**Assignment:** Extract, unchanged, each line of the listing below from its first line through the line that contains "Blouson en cuir", inclusive, and nothing else.

**Supplied data:**
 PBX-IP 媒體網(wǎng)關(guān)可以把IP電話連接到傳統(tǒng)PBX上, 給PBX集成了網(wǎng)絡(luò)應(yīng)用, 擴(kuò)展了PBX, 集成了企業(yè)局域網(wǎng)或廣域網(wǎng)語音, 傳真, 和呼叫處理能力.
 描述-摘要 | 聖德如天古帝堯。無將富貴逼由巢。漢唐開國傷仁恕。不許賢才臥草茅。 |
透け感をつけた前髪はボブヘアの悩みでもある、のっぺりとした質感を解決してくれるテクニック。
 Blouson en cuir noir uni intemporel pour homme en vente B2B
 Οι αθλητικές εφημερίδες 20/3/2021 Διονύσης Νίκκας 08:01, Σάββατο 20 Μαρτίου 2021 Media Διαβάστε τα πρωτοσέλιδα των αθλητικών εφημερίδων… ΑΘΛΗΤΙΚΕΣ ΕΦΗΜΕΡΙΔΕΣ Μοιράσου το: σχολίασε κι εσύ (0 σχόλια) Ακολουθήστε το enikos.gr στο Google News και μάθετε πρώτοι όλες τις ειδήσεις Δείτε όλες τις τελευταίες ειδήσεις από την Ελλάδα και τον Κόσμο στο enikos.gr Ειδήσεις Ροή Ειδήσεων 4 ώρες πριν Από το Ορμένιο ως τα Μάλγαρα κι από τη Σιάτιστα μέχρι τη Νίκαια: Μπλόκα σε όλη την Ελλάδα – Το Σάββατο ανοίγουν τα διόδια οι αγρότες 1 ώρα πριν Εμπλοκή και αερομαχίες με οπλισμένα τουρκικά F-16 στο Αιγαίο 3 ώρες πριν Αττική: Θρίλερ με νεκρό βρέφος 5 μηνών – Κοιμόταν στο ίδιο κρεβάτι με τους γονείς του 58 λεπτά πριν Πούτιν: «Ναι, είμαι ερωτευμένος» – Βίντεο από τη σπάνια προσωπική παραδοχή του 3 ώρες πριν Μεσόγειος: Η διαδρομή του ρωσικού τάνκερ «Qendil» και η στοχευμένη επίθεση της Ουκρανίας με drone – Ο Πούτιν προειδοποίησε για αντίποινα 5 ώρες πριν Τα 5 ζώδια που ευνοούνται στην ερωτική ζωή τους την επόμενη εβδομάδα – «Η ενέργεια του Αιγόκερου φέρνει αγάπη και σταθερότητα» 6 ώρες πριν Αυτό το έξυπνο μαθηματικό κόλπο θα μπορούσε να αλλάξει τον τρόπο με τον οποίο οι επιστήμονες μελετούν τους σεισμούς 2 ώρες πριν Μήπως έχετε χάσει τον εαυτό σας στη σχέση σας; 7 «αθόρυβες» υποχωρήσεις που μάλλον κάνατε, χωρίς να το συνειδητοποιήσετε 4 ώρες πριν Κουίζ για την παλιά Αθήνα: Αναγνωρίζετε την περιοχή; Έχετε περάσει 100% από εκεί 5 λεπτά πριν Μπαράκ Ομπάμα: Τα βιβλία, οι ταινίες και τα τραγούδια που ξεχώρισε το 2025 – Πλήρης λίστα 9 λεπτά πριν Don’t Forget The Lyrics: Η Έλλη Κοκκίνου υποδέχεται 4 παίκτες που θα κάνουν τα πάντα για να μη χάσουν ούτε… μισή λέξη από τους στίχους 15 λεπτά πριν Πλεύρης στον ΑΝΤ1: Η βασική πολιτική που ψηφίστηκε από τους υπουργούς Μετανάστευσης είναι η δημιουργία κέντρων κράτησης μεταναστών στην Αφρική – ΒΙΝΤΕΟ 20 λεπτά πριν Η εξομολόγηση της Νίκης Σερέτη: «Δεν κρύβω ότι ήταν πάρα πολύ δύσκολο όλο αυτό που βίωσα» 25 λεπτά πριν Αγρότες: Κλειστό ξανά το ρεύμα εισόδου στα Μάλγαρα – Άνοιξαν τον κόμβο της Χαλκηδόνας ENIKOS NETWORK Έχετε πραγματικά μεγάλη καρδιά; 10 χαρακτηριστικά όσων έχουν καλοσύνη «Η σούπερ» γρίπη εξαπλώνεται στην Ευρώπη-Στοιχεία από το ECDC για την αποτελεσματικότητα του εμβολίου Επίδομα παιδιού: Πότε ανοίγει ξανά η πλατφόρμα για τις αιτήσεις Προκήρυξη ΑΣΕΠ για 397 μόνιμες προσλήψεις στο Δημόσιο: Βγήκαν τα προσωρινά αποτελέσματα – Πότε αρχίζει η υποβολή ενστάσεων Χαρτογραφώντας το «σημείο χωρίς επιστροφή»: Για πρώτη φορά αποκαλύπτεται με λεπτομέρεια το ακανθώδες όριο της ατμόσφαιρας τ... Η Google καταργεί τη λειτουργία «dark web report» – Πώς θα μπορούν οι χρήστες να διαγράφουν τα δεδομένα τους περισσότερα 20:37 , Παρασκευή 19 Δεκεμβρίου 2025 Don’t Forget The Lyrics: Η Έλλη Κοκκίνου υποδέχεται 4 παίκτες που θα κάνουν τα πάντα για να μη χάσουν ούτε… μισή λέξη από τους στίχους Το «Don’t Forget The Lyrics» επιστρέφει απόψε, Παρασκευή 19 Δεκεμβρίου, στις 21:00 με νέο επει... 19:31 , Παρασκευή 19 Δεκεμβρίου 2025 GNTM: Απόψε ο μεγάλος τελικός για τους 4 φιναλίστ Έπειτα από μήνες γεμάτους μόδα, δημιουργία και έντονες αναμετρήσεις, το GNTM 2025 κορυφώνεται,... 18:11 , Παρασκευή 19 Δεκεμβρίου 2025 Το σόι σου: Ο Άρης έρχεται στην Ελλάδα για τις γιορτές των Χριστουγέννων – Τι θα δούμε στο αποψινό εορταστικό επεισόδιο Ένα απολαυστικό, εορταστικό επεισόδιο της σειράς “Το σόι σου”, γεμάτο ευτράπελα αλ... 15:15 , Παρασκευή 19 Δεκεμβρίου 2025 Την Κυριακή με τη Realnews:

**Task answer:**
 PBX-IP 媒體網(wǎng)關(guān)可以把IP電話連接到傳統(tǒng)PBX上, 給PBX集成了網(wǎng)絡(luò)應(yīng)用, 擴(kuò)展了PBX, 集成了企業(yè)局域網(wǎng)或廣域網(wǎng)語音, 傳真, 和呼叫處理能力.
 描述-摘要 | 聖德如天古帝堯。無將富貴逼由巢。漢唐開國傷仁恕。不許賢才臥草茅。 |
透け感をつけた前髪はボブヘアの悩みでもある、のっぺりとした質感を解決してくれるテクニック。
 Blouson en cuir noir uni intemporel pour homme en vente B2B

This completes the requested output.